START Collected material

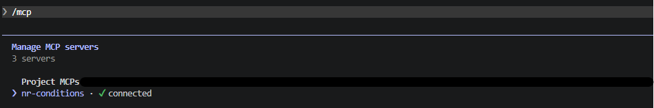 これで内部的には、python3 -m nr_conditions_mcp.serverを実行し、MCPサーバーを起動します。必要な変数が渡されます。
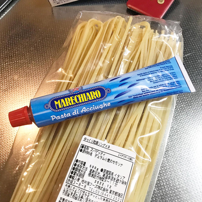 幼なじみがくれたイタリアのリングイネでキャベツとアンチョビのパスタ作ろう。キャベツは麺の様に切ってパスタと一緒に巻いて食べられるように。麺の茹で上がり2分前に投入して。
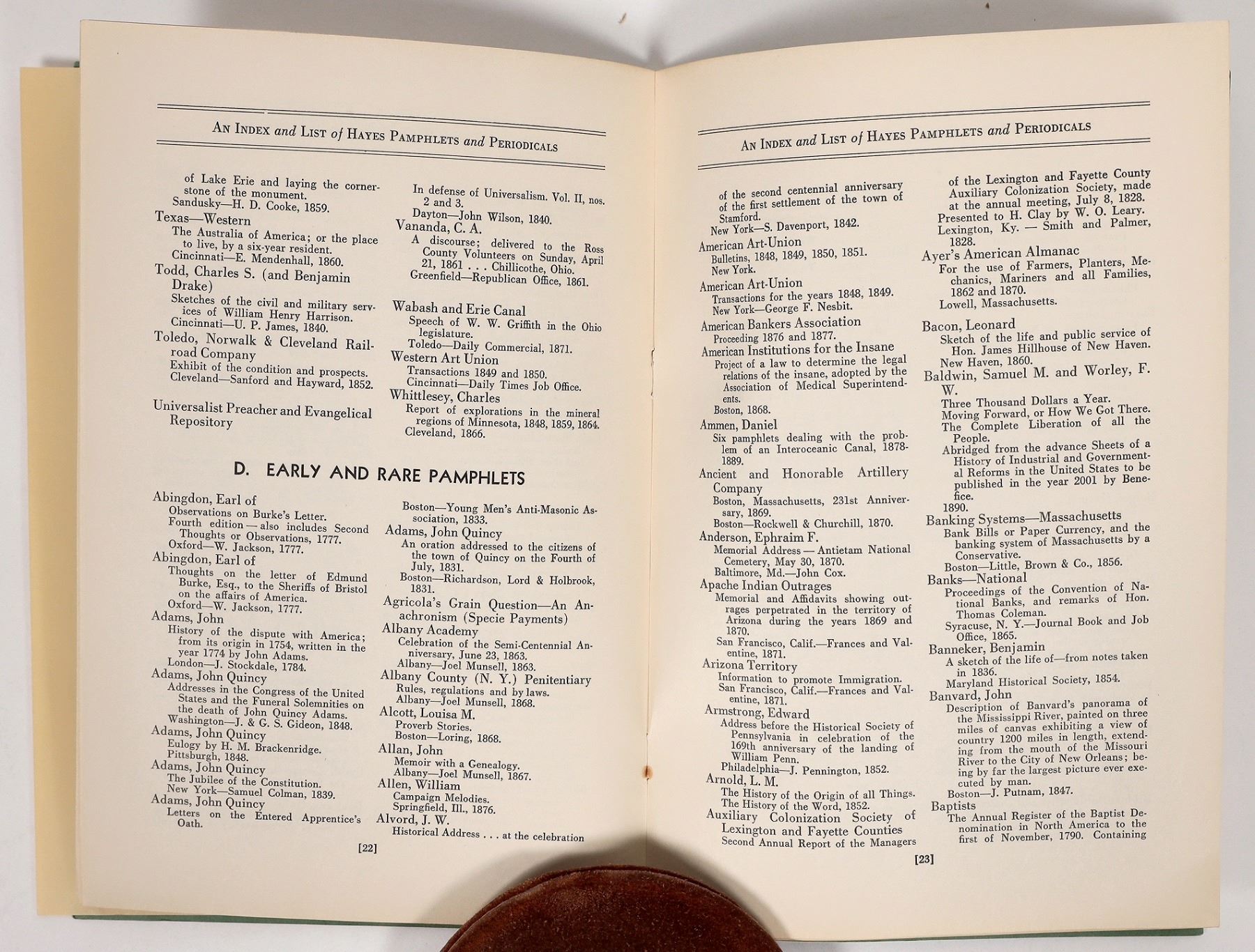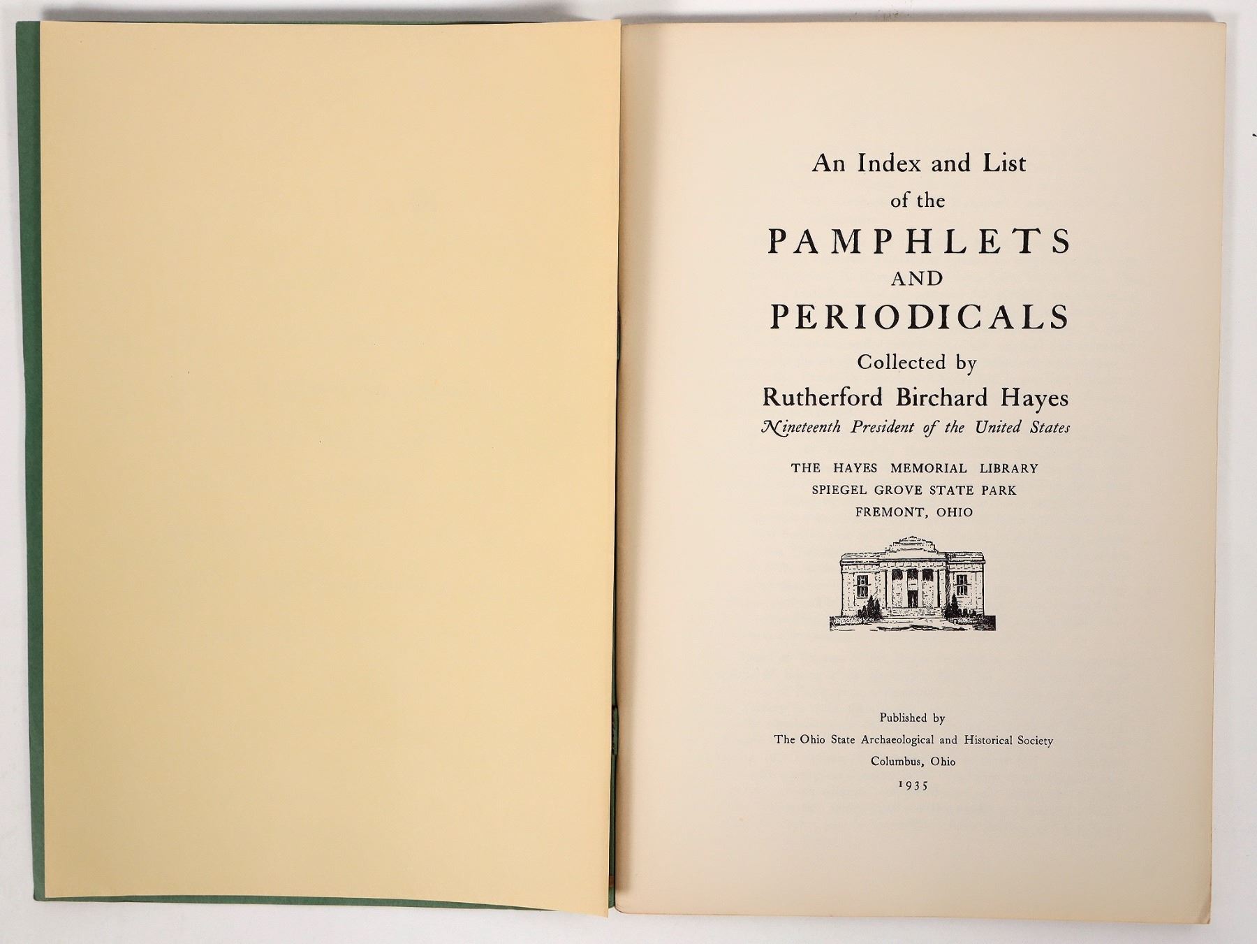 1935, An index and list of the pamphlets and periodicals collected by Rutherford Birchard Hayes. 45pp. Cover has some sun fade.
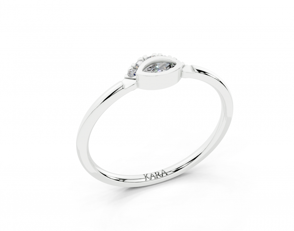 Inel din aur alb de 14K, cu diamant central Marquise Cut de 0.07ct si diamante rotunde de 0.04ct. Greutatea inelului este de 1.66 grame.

END Collected material

Only those lines from the one containing "1935, An index" to the end of the material above, retyped exactly and without pictures, belong in your reply.

 1935, An index and list of the pamphlets and periodicals collected by Rutherford Birchard Hayes. 45pp. Cover has some sun fade.
 Inel din aur alb de 14K, cu diamant central Marquise Cut de 0.07ct si diamante rotunde de 0.04ct. Greutatea inelului este de 1.66 grame.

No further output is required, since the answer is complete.